また、別の関数でGSEA プロットを作図してみます。 こちらは興味のある個別のGOタームについての作図になります。 最も統計値が低く有意にエンリッチしていたタームを指定して実行してみましょう。
# GSEAプロファイル(個別のGO termを指定) gseaplot2(gse, geneSetID = gse$ID[1], title = gse$Description[1])

こちらもGSEA独特の図になっています。 上部の黄緑色の折れ線グラフは Running Enrichment Score を表します。 頂点が左寄りなら上昇遺伝子に多く含まれる、右寄りなら下降遺伝子に多く含まれることを意味します。 中央の黒色の縦線は遺伝子リストの中で、対象の GO term に含まれる遺伝子の位置を示します。 下部のカラーグラデーションは遺伝子リストの fold change(またはスコア)を色で表現しています。 通常、赤系が上昇、青系が下降を示します。
出力した図では明らかにピークが左側に固まっているため、 指定したGOタームでは発現上昇した遺伝子が多く(?)含まれることがわかります。
ここでリッジプロットとGSEAプロットの解釈に矛盾が生じていると思われた方は鋭いです。
これはそれぞれのプロットの視点が異なることが原因だと考えられます。
gseaplot2() は特定の GO term に注目して、その term に含まれる遺伝子が fold change 順にどこに分布しているかを示します。
ridgeplot() は複数の GO term を並列に比較し、それぞれの term に含まれる遺伝子の fold change 分布を密度曲線で示します。但し、密度曲線の形状は fold change の分布に依存するため、少数の強い上昇遺伝子がいても、全体が下降傾向なら左に偏ることがあります。
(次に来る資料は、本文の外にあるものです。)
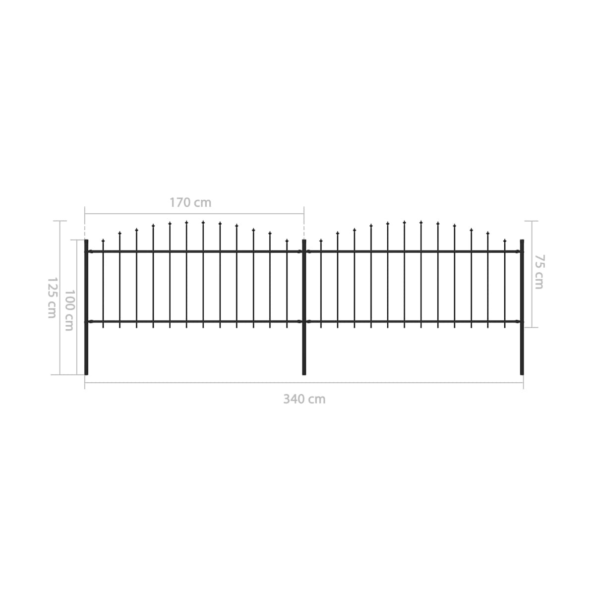 ¡Cree una barrera segura alrededor de su propiedad con nuestra cerca de jardín premium! Esta valla de jardín de acero de alta calidad, que consta de 2 paneles de valla y 3 postes, tiene una longitud total de 3,4 metros. Formará una robusta barrera perimetral, segura y sin necesidad de mantenimiento para su jardín, hogar o propiedad comercial. Fabricada en acero resistente, la valla es extremadamente estable, robusta y duradera. Además, con barras verticales rematadas con puntas de lanza y un fuerte refuerzo horizontal que fortalecerá la estructura, nuestra cerca de jardín proporcionará un alto grado de privacidad y seguridad. El panel de la cerca es fácil de montar.
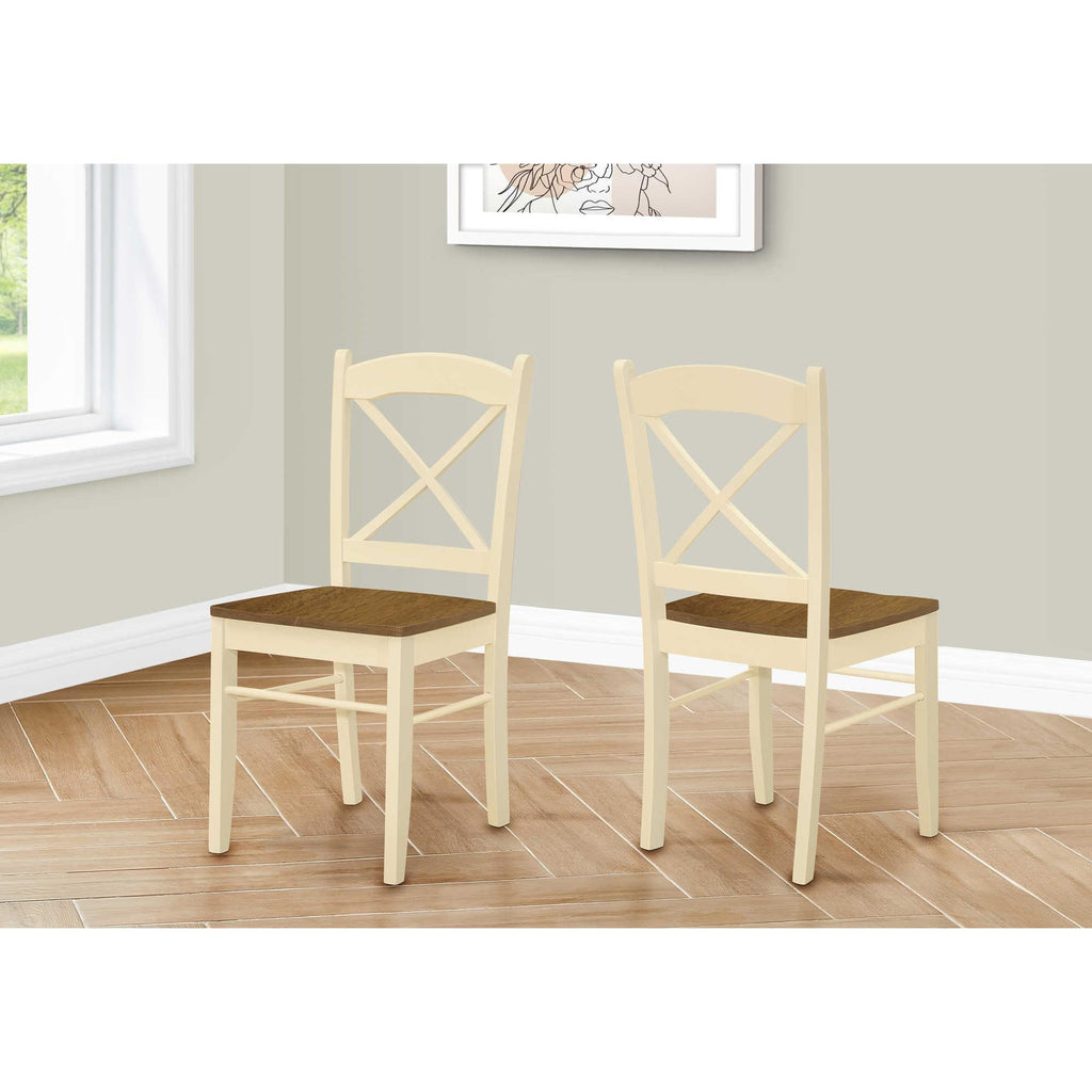Get ready to re-fresh your dining room or kitchen with this set of 2, solid wood transitional-style dining chairs. Finished in a high-quality, smooth cream finish with a cross-back design, these armless chairs perfectly accompany a casual dining area without compromising style. The scooped, oak finish wooden seats on these versatile side chairs are subtly contoured for comfort with a sturdy frame and wood legs for support. The timeless design of these chairs makes them effortless to place at a kitchen or dining table for everyday use or as accent chairs in a family room, bedroom, library, or study. Easy to assemble, spruce up your home with this set of 2 chairs to provide years of lasting use.
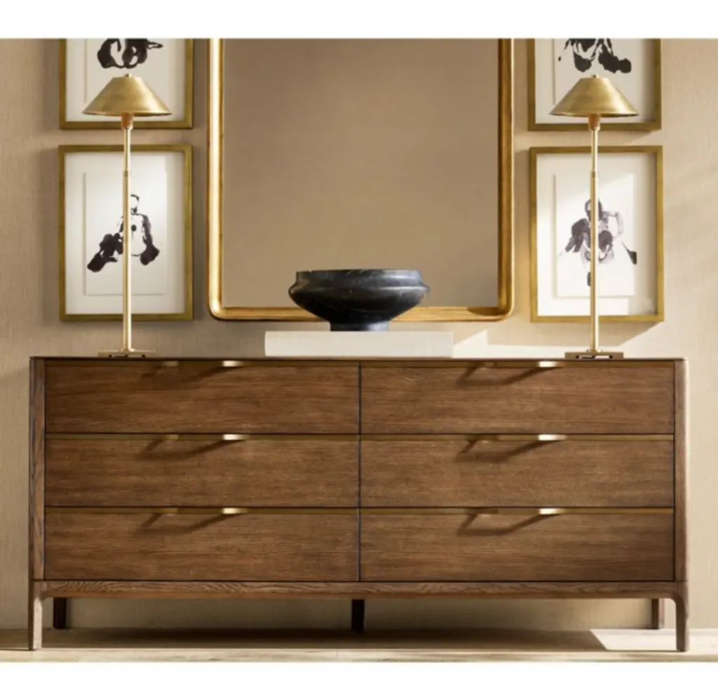 Exquisite workmanship and refined restraint characterize our collection by the Van Thiels. Spare and sculptural, each geometric form is simplified to its functional essence – a harmonious interplay of straight lines and gently rounded corners. Slender, sinuous metal hardware provides an elegant counterpoint to the warmth of richly grained American oak veneers. SHOP THE ENTIRE COLLECTION

おそらく状況としては、「GO term に含まれる遺伝子のうち、一部が強く上昇している。しかし、全体としては fold change が負に偏っている」ということが起こっている可能性があります。 一般的には gseaplot2() を優先して解釈するようですが、そのようなデータであるということは解析者が認識しておくべきだと考えます。
とっても話が長くなりましたが、お役に立てそうな情報はありましたでしょうか。 GSEA解析については分かりやすく説明している解説があまり見当たらないので、今回調査も含めてまとめてみた次第です。 皆様のお困りごとが少しでも解決されれば幸いでございます。
どうでもいいですが、よくGSEAをGESAと間違えます。 それでは皆様ごきげんよう。